I was demonstrating several Brainzooming techniques for identifying valuable business analogies during a workshop on creative thinking exercises. Small groups were identifying comparable situations to a situation where individuals were being moved within an organization, quickly forming new groups, and leaving challenges in the wake of the moves. Each group used the "My situation is like" creative thinking exercise to generate multiple analogies.
Some analogies were very specific and creatively rich in possibilities (i.e., a beehive where drones are dying off or a sports all-star team quickly forming and performing). Others were overly general, such as "doing more with less."
There’s an important lesson in this experience about how specific or general you should be with creative thinking exercises.
How Specific Should You Be with Creative Thinking Exercises?
In certain creative thinking exercises, general examples allow people to think more broadly about their own situations in a less encumbered fashion. Often, however, a more general description is only needed to help identify a very specific, analogous example to use as further creative thinking inspiration. Specific, possibilities-rich examples work well with creative thinking exercises such as, "What's it like?"
Using a general situation, such as "doing more with less," makes it too easy for a group to simply focus on their typical day-to-day roles and regurgitate the same things they always do.
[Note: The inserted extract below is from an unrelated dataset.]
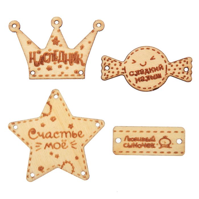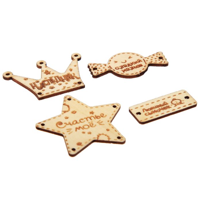 Данные декоративные нашивки — это небольшие деревянные фигурки, которые пригодятся при оформлении изделий ручной работы: игрушек, картин, альбомов, фоторамок, панно, коллажей и других. Разрисуйте их акриловыми красками или используйте в натуральном виде. Элементы можно пришить нитками или прикрепить с помощью лент.
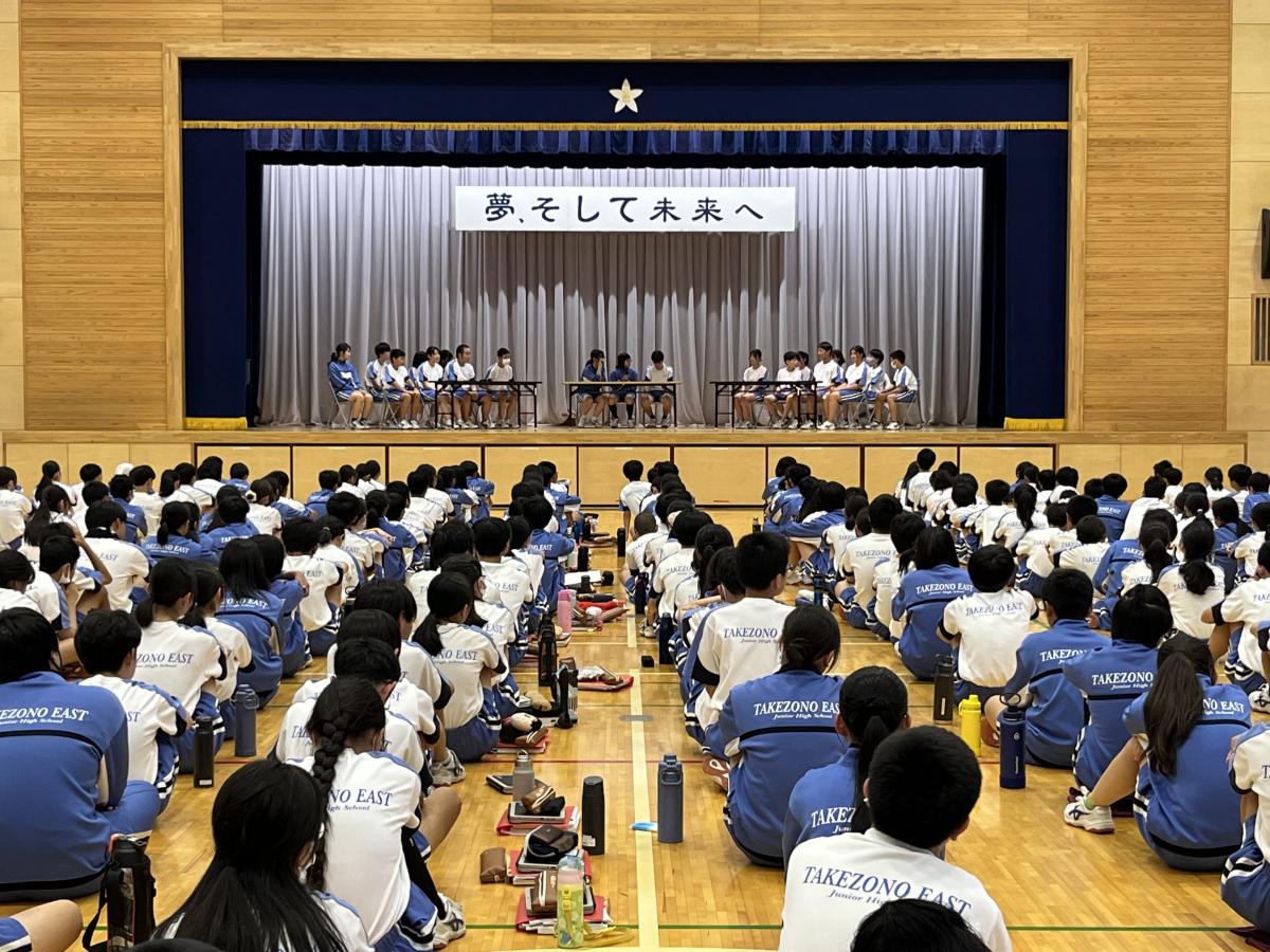 オーディエンスの生徒からは、「最初は1人でいる生徒に声をかけないほうがよいと思っていたが、討論を聞いて声をかけてみようと思った。」、「いじりはやめた方がいいと思うのでアクションは起こしたいと思う。アクションといっても、いじられている現場に行って注意をするのではなく、いじられている本人に声をかけていきたいと思った。」、「友達の悪口を言うのは良くないことだけど、告げ口をして仲が悪くなるのも嫌だから、とても悩む。」などという感想発表がありました。オーディエンスの生徒も、自分事として考えることができていました。

With a very specific and markedly different analogy, however, group members begin playing a different role and thinking about their situation in a new way.
The lesson?
Pay attention when you're using creative thinking exercises to prompt a group’s new consideration of its opportunities and challenges. Do you need to view the issue on the table specifically or generally? Decide early and use strategic thinking exercises to guide them accordingly because whichever direction you pick has a major impact on the creative thinking that follows.